(Task description) Take the records below and extract, word for word, the lines from the one containing "Kết quả xổ số Long An ngày 17/12/2022" through the final line, inclusive. Omit pictures.

(Extracted records)
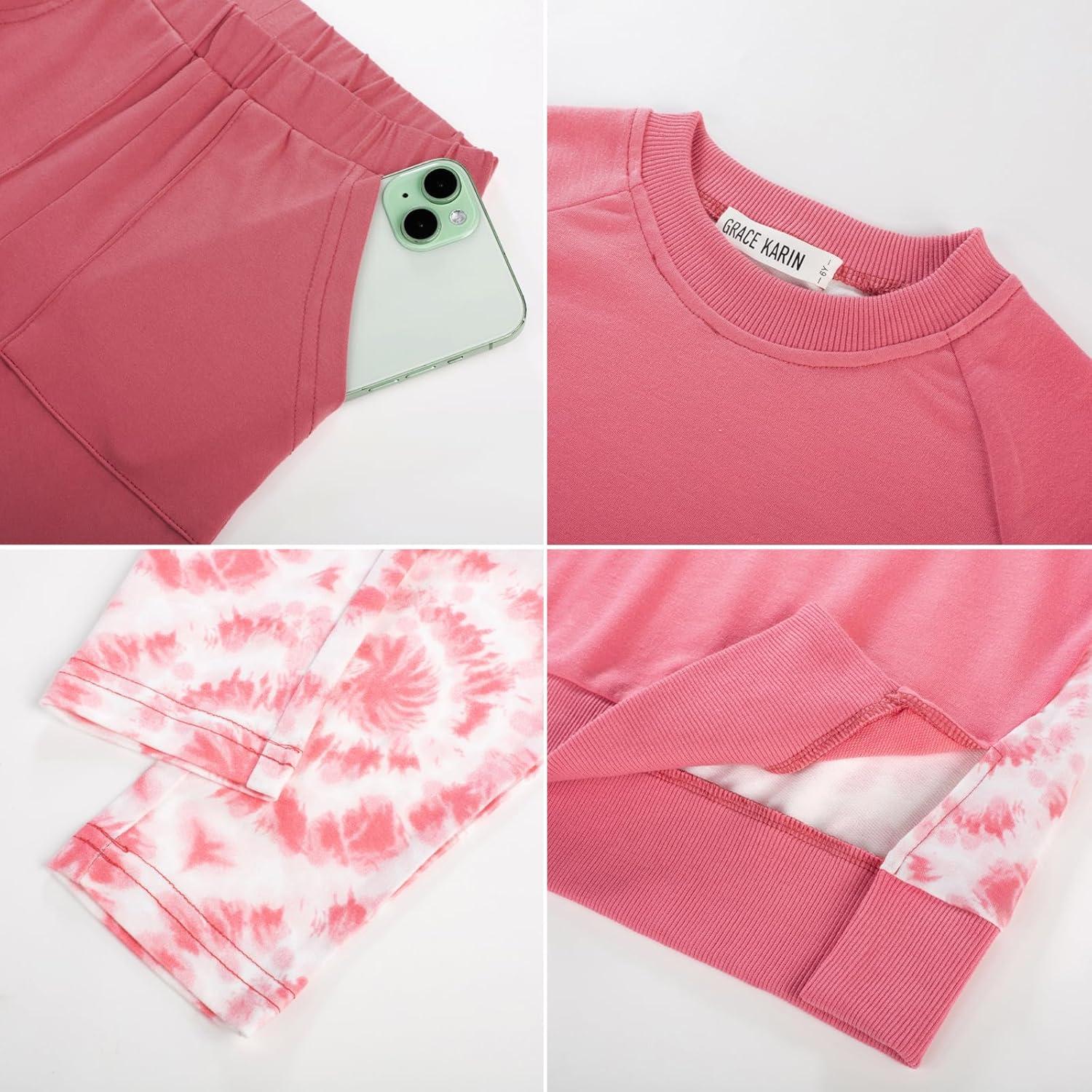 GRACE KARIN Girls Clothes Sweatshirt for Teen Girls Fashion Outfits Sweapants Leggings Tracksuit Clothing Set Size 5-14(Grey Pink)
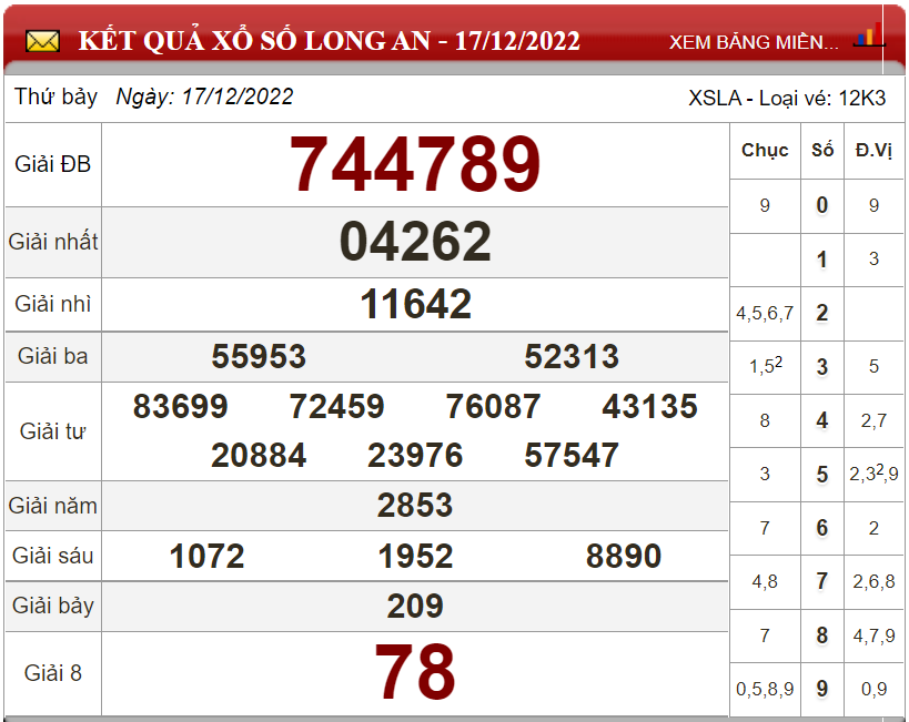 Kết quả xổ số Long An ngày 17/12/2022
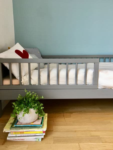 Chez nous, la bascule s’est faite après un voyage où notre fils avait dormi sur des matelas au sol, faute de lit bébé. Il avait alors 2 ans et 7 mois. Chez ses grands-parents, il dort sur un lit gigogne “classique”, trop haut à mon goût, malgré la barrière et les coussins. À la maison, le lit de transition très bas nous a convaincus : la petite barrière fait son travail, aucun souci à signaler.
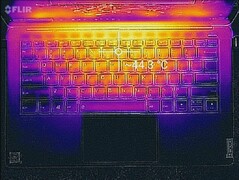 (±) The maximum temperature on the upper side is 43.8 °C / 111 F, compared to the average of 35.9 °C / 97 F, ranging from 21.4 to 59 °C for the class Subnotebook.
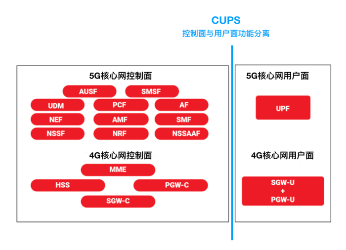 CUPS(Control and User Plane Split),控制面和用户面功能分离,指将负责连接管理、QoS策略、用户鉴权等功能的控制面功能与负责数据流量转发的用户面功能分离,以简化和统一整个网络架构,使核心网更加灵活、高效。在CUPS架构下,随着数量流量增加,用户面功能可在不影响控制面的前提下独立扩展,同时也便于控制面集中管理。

(Response to this task)
 Kết quả xổ số Long An ngày 17/12/2022
 Chez nous, la bascule s’est faite après un voyage où notre fils avait dormi sur des matelas au sol, faute de lit bébé. Il avait alors 2 ans et 7 mois. Chez ses grands-parents, il dort sur un lit gigogne “classique”, trop haut à mon goût, malgré la barrière et les coussins. À la maison, le lit de transition très bas nous a convaincus : la petite barrière fait son travail, aucun souci à signaler.
 (±) The maximum temperature on the upper side is 43.8 °C / 111 F, compared to the average of 35.9 °C / 97 F, ranging from 21.4 to 59 °C for the class Subnotebook.
 CUPS(Control and User Plane Split),控制面和用户面功能分离,指将负责连接管理、QoS策略、用户鉴权等功能的控制面功能与负责数据流量转发的用户面功能分离,以简化和统一整个网络架构,使核心网更加灵活、高效。在CUPS架构下,随着数量流量增加,用户面功能可在不影响控制面的前提下独立扩展,同时也便于控制面集中管理。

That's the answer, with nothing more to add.